Look at the circuit diagram below.

The Vo will drop and the current increases. Here is step by step process to calculate.

- First, calculate the equivalent resistance of R2 and R3 in the parallel combined. Note: R1= 3.9K (3900 ohms), R2=220 ohms, R3=560 ohms.

R = (R2xR3) / (R2+R2)

= (220×560) / (220+560)

= 157.948 ohms

**Note:**We will compare R = R2 in the formula for Vo (# 1). So, R2 is 157.948 ohms. I hope you understand this idea. - Find Vo =?

Vo = (Vs x R2) / (R1+R2)

Note: Vs = 12V, R1 = 3.9K, R2 = 157.948 ohms.

Vo = (12 x 157.948) / (3900 + 157.948

= 1,895.376 / 4,057.948

= 0.467V

The key principle is to reduce as many resistors as possible to 2 resistors, according to formula # 1.

**Using transducer inputs (sensors)**

In a normal circuit, an input transducer (sensor) often changes the resistance itself.

For example, the transducer inputs (Sensor) is LDR, Photodiodes, Phototransistors, Microphone, etc. I will explain them later.

We often use them in the voltage divider circuit. After that, when it changes the output voltage also changes.

Next, we have to feed this signal voltage to other parts of the circuit. For example, in the input of an IC or transistor.

The sensor is one of the resistance in the voltage divider circuit. We can connect it to either top (R1) or bottom (R2). When we want the voltage (Vo) to be high, we can work it out in 2 ways.

- Connect the sensor at the bottom (R1). The sensor has high resistance.

**Choosing a resistor**

Resistor R-value determines the range of the output voltage Vo. For best results, we need a voltage Vo with a wide swing.

Note:

- Rmin is the lowest resistance of the sensor.
- Rmax is the highest resistance of the sensor.

And it will be a successful experiment. If R is greater than Rmin, it must be less than Rmax.

A multimeter is used to find the minimum and maximum resistance (Rmin and Rmax) of the sensor so it can be used here. The rough value doesn’t have to be accurate.

Then choose the resistor value: R = square root of (Rmin × Rmax)

or R = √(RminxRmax)

For example, you measure the LDR, Rmin is 100 ohms, and Rmax is 1M.

R = √(RminxRmax)

= √(100×1,000,000)

= 10K (10,000 ohms)

Credit: Voltage Divider Rule with Examples and Applications

**Using a variable resistor**

Often variable resistors (VR) instead of R are used which are constant. We can adjust Vo more easily.

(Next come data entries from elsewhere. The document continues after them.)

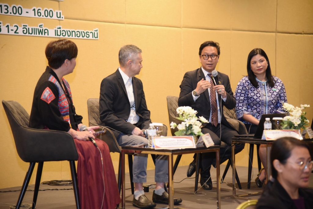 ได้ร่วมเสวนา ถ่ายทอด และแลกเปลี่ยนมุมมอง ร่วมกับ ดร.ภญ.มณฑกา ธีรชัยสกุล ผู้อำนวยการกองเศรษฐกิจสมุนไพร กรมการแพทย์แผนไทยและการแพทย์ทางเลือก, คุณศุภชัย กิมชูวาณิช บริษัท โชคชัย เฮิร์บ จำกัด และ ดร.ภญ.ประภัสสร สุรวัฒนาวรรณ ผู้อำนวยการฝ่ายสมุนไพรและเภสัชเคมีภัณฑ์ องค์การเภสัชกรรม (GPO)
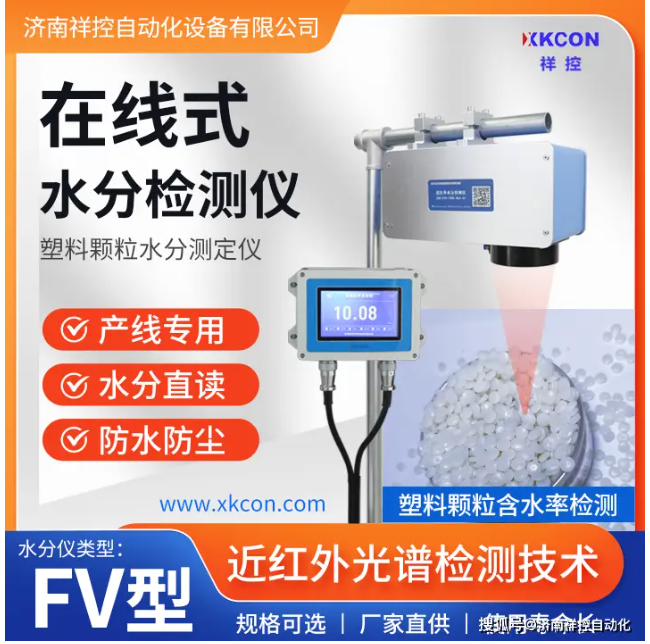 近年来,一种新型的水分检测技术——近红外光谱检测技术(NIR)被逐渐应用到塑料粒子含水量测定中,如济南祥控生产的XKCON-NIR-MA-FV型在线式水分仪就是基于近红外光谱检测技术(NIR)研制,已被应用在塑料造粒、改性、注塑成型、吹塑成型、滚塑成型、挤塑成型、压缩成型、压注成型、固相成型、挤拉成型、拉伸成型等塑料生产工艺中,对塑料粒子含水量进行快速、精准测定。
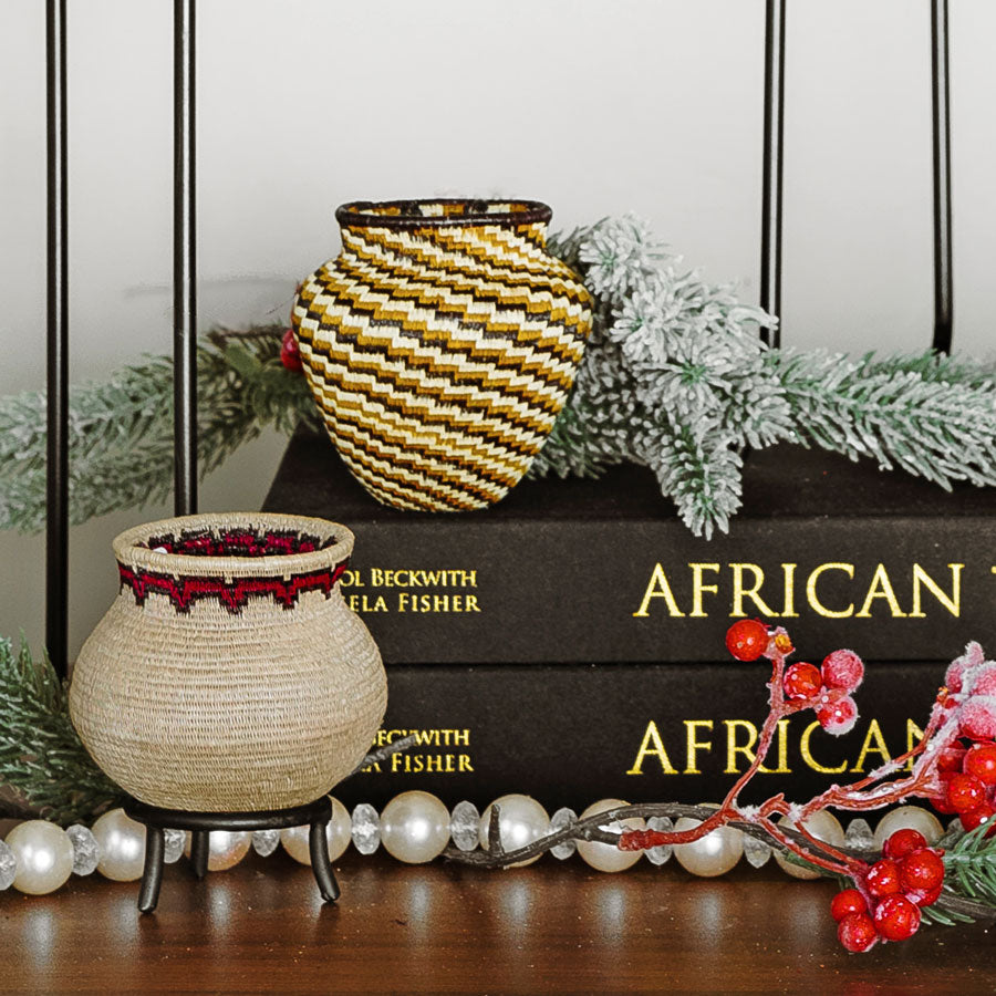 A striking accent for shelves or tabletop displays, each piece is fully handmade and one of a kind.
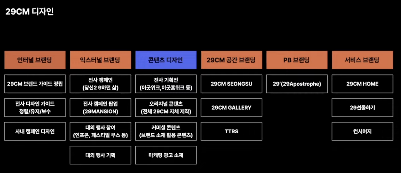 일단 조직도를 설명하는 부분에서, 지금 세미나에서는 29cm의 마케팅 디자인 이야기는 없겠구나 했다. 마케팅 디자인과 BX 디자인은 내가 봤을 때에 29cm에서는 어느 정도 구분이 되어있는 상태인데, 그렇다면 조직이 분리되어 있어야 할 것이다. 사실 조직도가 정말 궁금하긴 했다. 왜냐하면 이전 마케팅 디자인 관련글(마케팅 디자인 조직을 만든다면)에서도 언급했지만, 회사마다 이 일을 어떻게 생각하냐에 따라 프로덕트에 가까울 수도 있고 브랜딩에 가까울 수도 있기 때문이다.

In this diagram, a variable resistor with LDR in the voltage divider circuit is used.

We can switch between the Variable resistor and the Sensor according to our design requirement.

For example, we can adjust the resistor to set the brightness level high or low that will cause a change in conditions.

We should choose a potentiometer that is greater than the fixed resistor. It will also provide a good adjustment. We should connect the fixed resistor with a Variable resistor in series.

For example, if the suitable constant resistor value is 10K, we can replace it with the R-4.7K series with the VR-10K. This allows the resistance to be adjusted from 4.7K to 14.7K.

How is your understanding now? I hope you understand the principles of the voltage divider better.